Director: João Ruivo    Publicação Mensal    Ano VII    Nº82    Dezembro 2004

Editorial


Lucidez e a cegueira

Por ventura será lugar comum afirmar-se que a escola sofreu, ao longo de todo o século passado, transformações profundas. O pior é que não é menos acertado anotar que poucas novidades se observam quando, passadas décadas, entramos novamente numa sala de aula. 

Na verdade não se revela difícil convergir numa opinião crítica a um certo tipo de escola que muitos consideram demasiado racional, tecnológica, super especializada e impregnada de estereótipos administrativos e sexistas. Sobretudo quando nesse género de instituições educativas se instala no mundo interior dos docentes um efeito cuja perversão ainda está por medir: pese embora tudo o que aconteça na realidade diária dessas escolas, os professores estão convencidos de que a sua profissionalidade e a sua qualidade de trabalho dependerá, mais que tudo, das suas competências “operárias” que os conduzem à aplicação de técnicas rigorosas através das quais conseguirão “produzir” a aprendizagem dos seus alunos.

Provas? Há sempre, e muitas, para os mais cépticos: primeiro, todos abominam os “receituários”, todavia quase sempre vivem dependentes dessa normatividade que proporciona grande parte dos conhecimentos que guiam a acção docente; segundo, surgem os “tradutores-especialistas”, aqueles que acreditam na voz especializada, enquanto intermediário insubstituível entre a origem científica do conhecimento e a correcta interpretação e divulgação das normas pedagógicas; terceiro, as reformas alteraram o discurso e as linguagens, porém o “processo de cretinização técnico-burocrático” do trabalho docente permanece, no substancial, inalterável. Resultado: a lucidez demasiado disciplinar e especializada conduz, invariavelmente, à cegueira no que respeita à apreciação do global, do geral e da diferença.

Nesta transformação profunda, é certo que a ciência substituiu a religião quanto à construção do discurso pedagógico. Todavia novas formas de misticismo afloraram sempre que, no terreno institucional, se procedeu à aceitação dos poderes, aliados aos saberes, como meios únicos de legitimação de uns e dos outros.

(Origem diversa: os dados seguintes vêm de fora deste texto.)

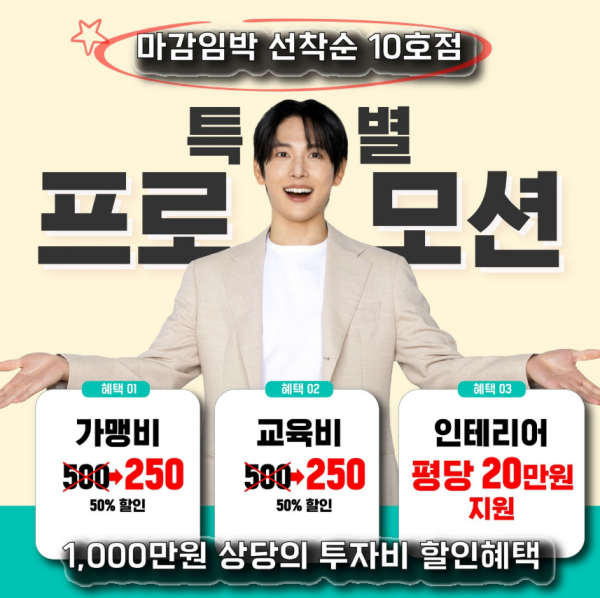 또 “좋은 입지는 기다려주지 않는다”며 “현재 문의한 예비 창업자에 한해 혜택이 적용되는 만큼 빠른 상담이 필요하다”고 덧붙였다.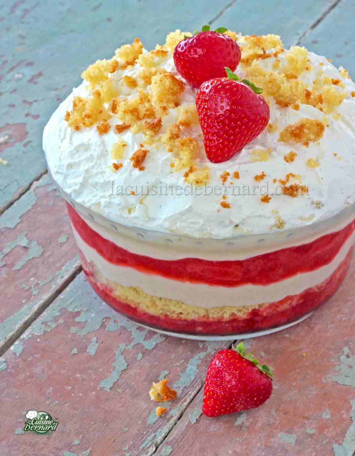 حلوى لا تقاوم على الإطلاق، طازجة للغاية وغير حلوة للغاية تحتفي بالفراولة من زاوية مختلفة تمامًا! التريفل هي حلوى إنجليزية تُقدم في طبقات في وعاء شفاف. لقد استوحيت هذا الإصدار اللذيذ من المذاق الذي تذوقته في لندن مؤخراً. ستجد طبقات من الكعكة الإسفنجية والكاسترد وكوليس الفراولة والكريمة المخفوقة. قم بتحضير الكعكة في اليوم السابق للاستفادة القصوى من قدرة الكعكة على امتصاص النكهات!

Para que a Escola entre neste terceiro milénio numa via de “transformação positiva”, urge que professores e educadores aceitem alguns desafios. Desde logo, importa nivelar o estatuto da “pedagogia oficial” com o do “conhecimento prático” dos docentes. Depois, exige-se o rápido reconhecimento da maioridade dos profissionais do ensino. Reconhecimento esse que propicie a conquista da autonomia para pensar o próprio pensamento, autonomia para reflectir sobre o conhecimento elaborado, autonomia para construir novo pensamento com base no conhecimento e na maturação da própria acção docente.

No fundo, encontramo-nos perante um desafio, lançado aos “práticos”, para que “conquistem”, dentro das escolas, todas as “possibilidades” que lhes permitam a elaboração de “conhecimento”, através do qual sustentem e teorizem essa mesma prática.

É que a separação entre pensamento e acção, como referia Langevin, implica que a educação não seja mais uma preparação para agir. Implica a aceitação de dois ensinos distintos: um especulativo, o outro prático, um fornecendo o espírito e o outro a letra, um o método, o outro os resultados. E tudo isto nos empurra para o sublinhar de uma das maiores contradições que nos podem ser imputadas a nós, educadores: a incapacidade para integrar na nossa prática quotidiana, de um modo coerente, o que pensamos e o que fazemos.